Gates

Gates are the pass/fail criteria for your evaluation. They determine whether your agent meets the required performance threshold by checking aggregate metrics.

Quick overview:

  • Single decision: One gate per suite determines pass/fail
  • Two metrics: avg_score (average of all scores) or accuracy (percentage passing threshold)
  • Flexible operators: >=, >, <=, <, == for threshold comparison
  • Customizable pass criteria: Define what counts as “passing” for accuracy calculations
  • Exit codes: Suite exits 0 for pass, 1 for fail

Common patterns:

  • Average score must be 80%+: avg_score >= 0.8
  • 90%+ of samples must pass: accuracy >= 0.9
  • Custom threshold: Define per-sample pass criteria with pass_value

Gates define the pass/fail criteria for your evaluation.

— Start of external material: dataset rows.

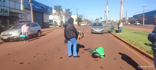 Um acidente de trânsito foi registrado agora pouco, por volta das 09h00 na Avenida Tupãssi, em frente a Monalisa Moveis, no Jardim Paraná, trecho que liga trevo de acesso da PR 239 a Paroquia São Francisco de Assis e envolveu uma motocicleta, a principio conduzido por um rapaz de nome Marcos e uma F 4000.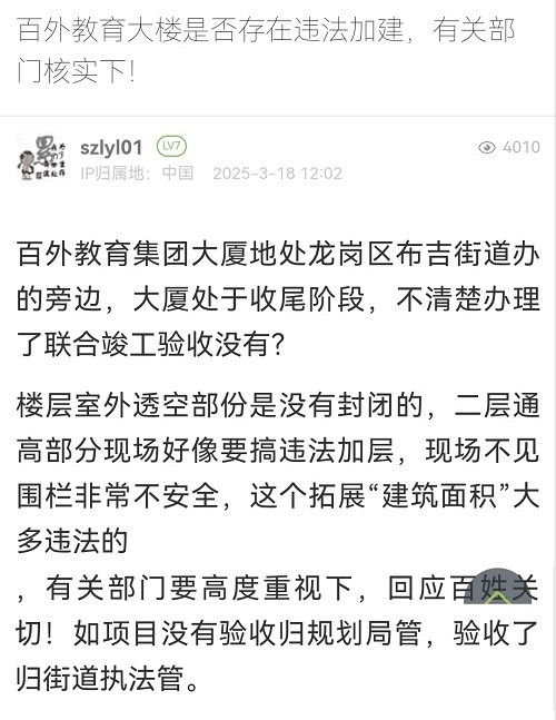 6. 帖文《百外教育大楼是否存在违法加建,有关部门核实下!》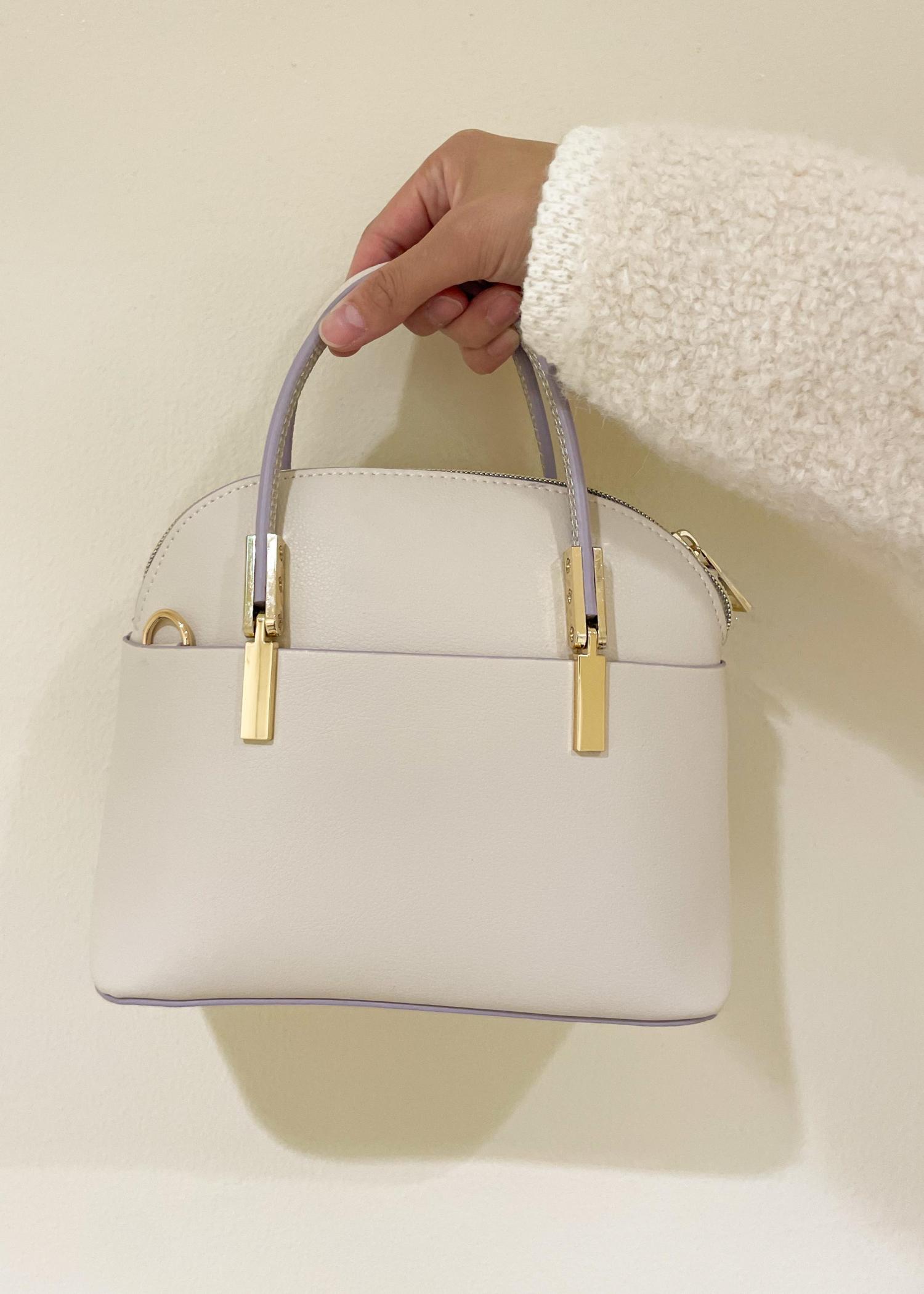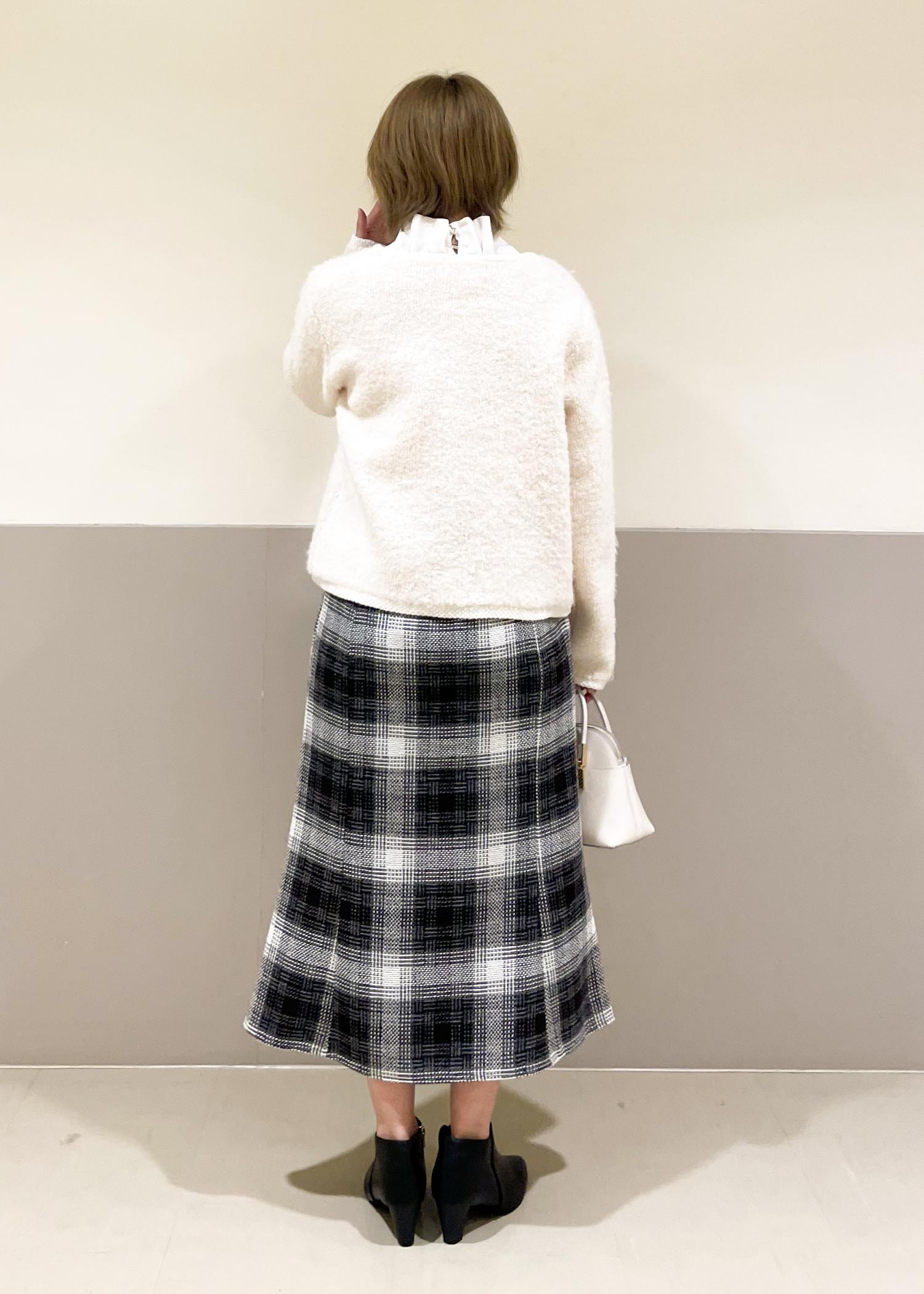 ツイードチェックのスカートをメインに白でまとめた上品コーデです。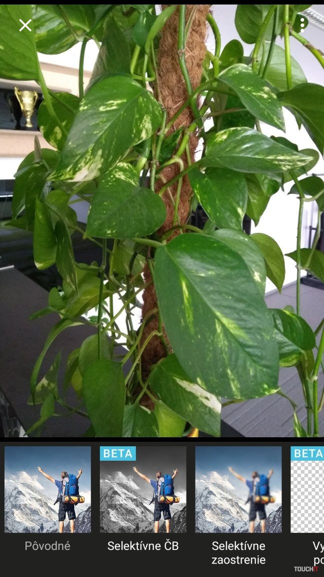 Selektívne zaostrenie– robí pekný efekt rozmazaného pozadia. Sila rozmazaného pozadia sa dá nastaviť. Zaujímavá vec je na tom to, že tieto úpravy môžete nechať na neskôr. ČB režim – na jednej fotke sa dá vybrať, ktorá časť fotografie bude farebná a ČB. Ideálne pri kombinovaní na fotke so selektívnym zaostrením. Opäť postačí len ťuknúť na objekt. Zvyšok sa dopočíta automaticky. Hlboký obraz – vďaka fotografii, ktorú odfotíte v režime hlbokého obrazu, môžete neskôr meniť pozadie za objektom v popredí. Automatika nie je neomylná ale funguje dobre. Ide viac-menej o doplnkový efekt, ktorý má pobaviť.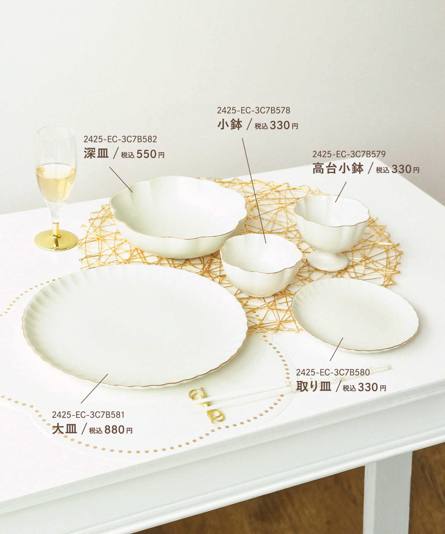 ●ホワイト×ゴールドの上品な配色で、お正月の食卓が特別感のある雰囲気に仕上がります。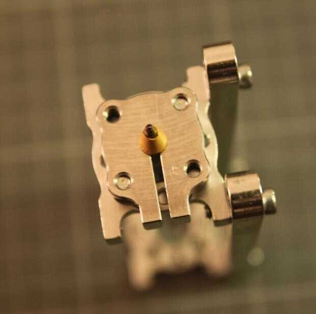 Construir un robot de 1/20 pulgada cúbica con una pinza que puede recoger y mover pequeños objetos. Es controlado por un microcontrolador Picaxe. En este momento, creo que esto puede ser más pequeño robot con ruedas del mundo con una pinza. Cambiará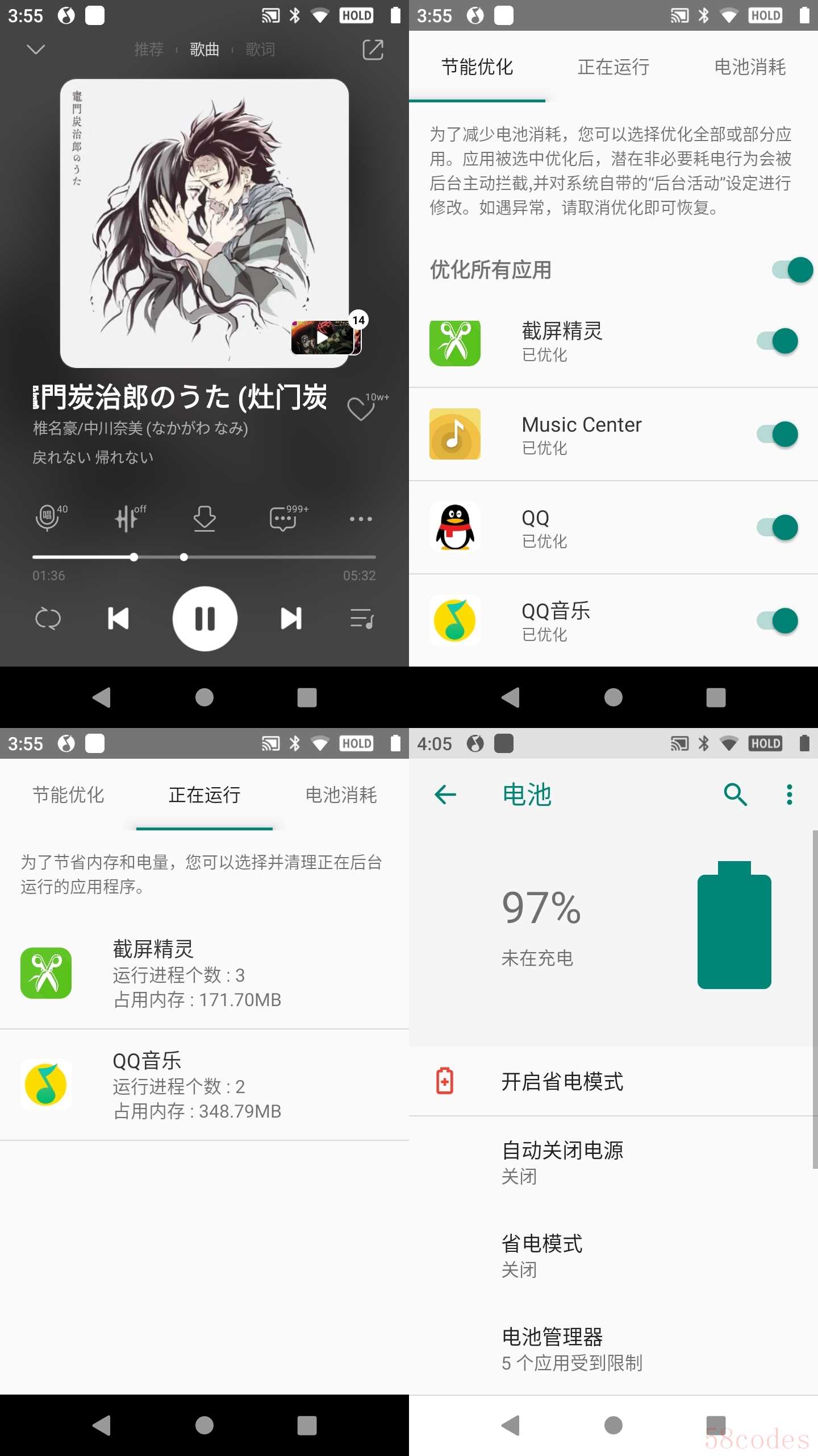 紧接着,我们开启节能优化,继续使用QQ音乐播放10分钟的歌曲,也就是从3点55分到4点05分,我们可以看到,设备最终剩余电量为97%,耗电1%。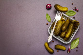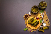 Marynowane ogórki marynowane z przyprawami i ziołami. Tradycyjna noworoczna przystawka w krystalicznym talerzu. Modne czarne kamienne tło betonowe, zbliżenie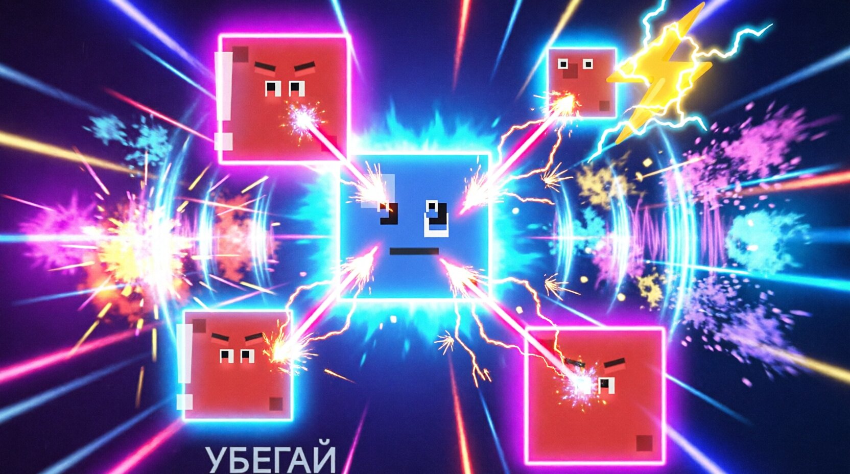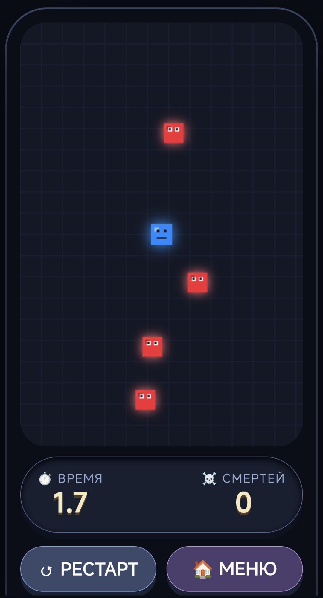 Просто тыкать или управлять синим квадратом а на красных лучше не попадаться…

They check if aggregate metrics meet a threshold.

Basic Structure

1gate:
2 metric_key: accuracy # Which grader to evaluate
3 metric: avg_score # Use average score (default)
4 op: gte # Greater than or equal
5 value: 0.8 # 80% threshold

Why Use Gates?

Gates provide automated pass/fail decisions for your evaluations, which is essential for:

CI/CD Integration: Gates let you block deployments if agent performance drops:

$letta-evals run suite.yaml
># Exit code 0 = pass (continue deployment)
># Exit code 1 = fail (block deployment)

Regression Testing: Set a baseline threshold and ensure new changes don’t degrade performance:

1gate:
2 metric: avg_score
3 op: gte
4 value: 0.85 # Must maintain 85%+ to pass

Quality Enforcement: Require agents meet minimum standards before production:

1gate:
2 metric: accuracy
3 op: gte
4 value: 0.95 # 95% of test cases must pass

What Happens When Gates Fail?

When a gate condition is not met:

  1. Console output shows failure message:

    ✗ FAILED (0.72/1.00 avg, 72.0% pass rate)
    Gate check failed: avg_score (0.72) not >= 0.80
  2. Exit code is 1 (non-zero indicates failure):

    $letta-evals run suite.yaml
    >echo $? # Prints 1 if gate failed
  3. Results JSON includes gate_passed: false:

    1{
    2 "gate_passed": false,
    3 "gate_check": {
    4 "metric": "avg_score",
    5 "value": 0.72,
    6 "threshold": 0.80,
    7 "operator": "gte",
    8 "passed": false
    9 },
    10 "metrics": { ... }
    11}
  4. All other data is preserved - you still get full results, scores, and trajectories even when gating fails

Common use case in CI:

$#!/bin/bash
>letta-evals run suite.yaml --output results.json
>
>if [ $? -ne 0 ]; then
> echo "❌ Agent evaluation failed - blocking merge"
> exit 1
>else
> echo "✅ Agent evaluation passed - safe to merge"
>fi

Required Fields

metric_key

Which grader to evaluate. Must match a key in your graders section:

1graders:
2 accuracy: # Grader name
3 kind: tool
4 function: exact_match
5 extractor: last_assistant
6
7gate:
8 metric_key: accuracy # Must match grader name above
9 op: gte # >=
10 value: 0.8 # 80% threshold

If you only have one grader, metric_key can be omitted - it will default to your single grader.

metric

Which aggregate statistic to compare. Two options:

avg_score

Average score across all samples (0.0 to 1.0):

1gate:
2 metric_key: quality # Check quality grader
3 metric: avg_score # Use average of all scores
4 op: gte # >=
5 value: 0.7 # Must average 70%+

Example: If scores are [0.8, 0.9, 0.6], avg_score = 0.77

accuracy

Pass rate as a percentage (0.0 to 1.0):

1gate:
2 metric_key: accuracy # Check accuracy grader
3 metric: accuracy # Use pass rate, not average
4 op: gte # >=
5 value: 0.8 # 80% of samples must pass

By default, samples with score >= 1.0 are considered “passing”.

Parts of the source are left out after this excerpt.